# Premature Surrender of Deposits (Rule 15)
## General Rule — Interest Reduction
If a company repays a deposit after 6 months from the date of deposit but before maturity, then:
- Reduce interest by 1% from the rate which would have been paid for the period the deposit actually ran.
- Do not pay interest at a rate higher than this reduced rate.
## Part-Year Treatment
If the actual period contains part of a year:
- If part is 6 months or more → count it as one full year.
- (If less, fraction is ignored for slab determination.)
## Exceptions — No Interest Reduction
The 1% reduction does NOT apply if premature repayment is:
1. To comply with Rule 3 — i.e., to bring total deposits within permissible ceiling limits.
2. War/emergency related — to provide for war risk or related benefits to naval, military or air force personnel or their families during a national emergency declared under Article 352 of the Constitution.

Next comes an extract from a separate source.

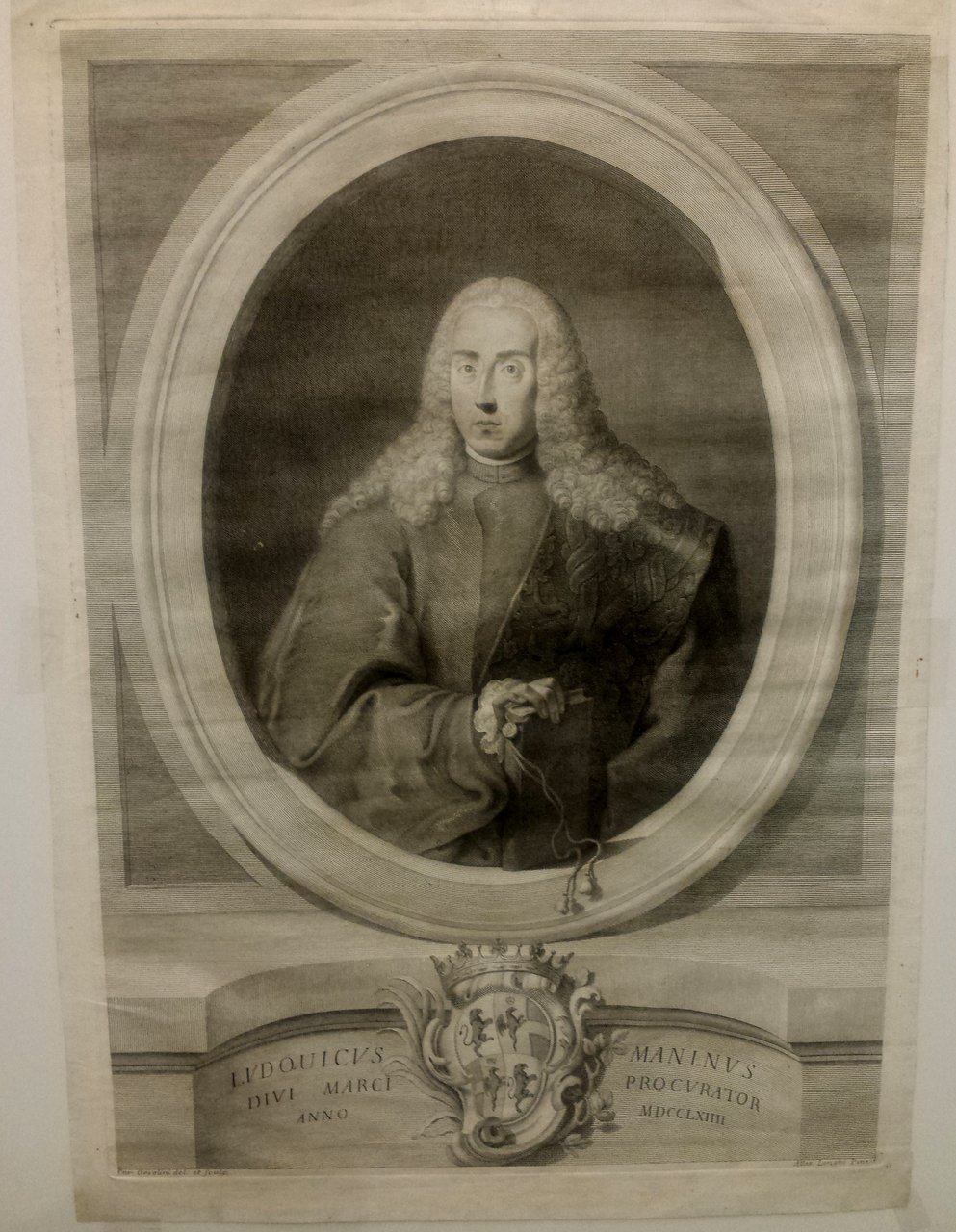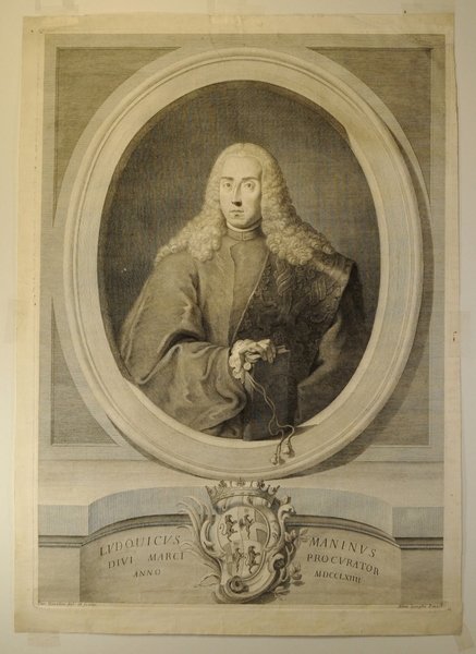 Incisione all'acquaforte di mm 375 x 530 alla battuta su carta vergata veneziana di gran corpo. Ottimo esemplare con buoni margini esterni. Sotto il medaglione il blasone dei Manin e la seguente iscrizione : "Ludovicus Maninus Divi Marci Procurator Anno MDCCLXIIII" e in piccolo sotto l'immagine a sinistra "Car. Orsolini del: et sculp." e a destra : "Alles. Longhi Pinxit". La incisione rappresenta infatti il futuro ultimo Doge di Venezia nell'occasione della sua entrata a Procuratore di San Marco, massima carica dello Stato dopo quella del Doge. Carlo Orsolini nacque a Venezia verso il 1704 e ivi morì nel 1784. Secondo il Moschini : "contendeva vanamente del primato nell'intaglio con Giannatonio Faldoni, avendone tutti e due avuta principalmente la stessa maniera a un solo taglio".

## Premature Renewal for Higher Interest
If a depositor wants to renew the deposit before maturity to get a higher rate of interest:
> The company may pay the higher rate ONLY IF the deposit is renewed for a period longer than the unexpired period of the original deposit.
## Key Memorisation Cues
- 6 months minimum before any premature repayment is even allowed.
- 1% reduction is the general consequence.
- 2 exceptions to the reduction rule.
- Renewal-for-higher-rate test: new period > unexpired old period.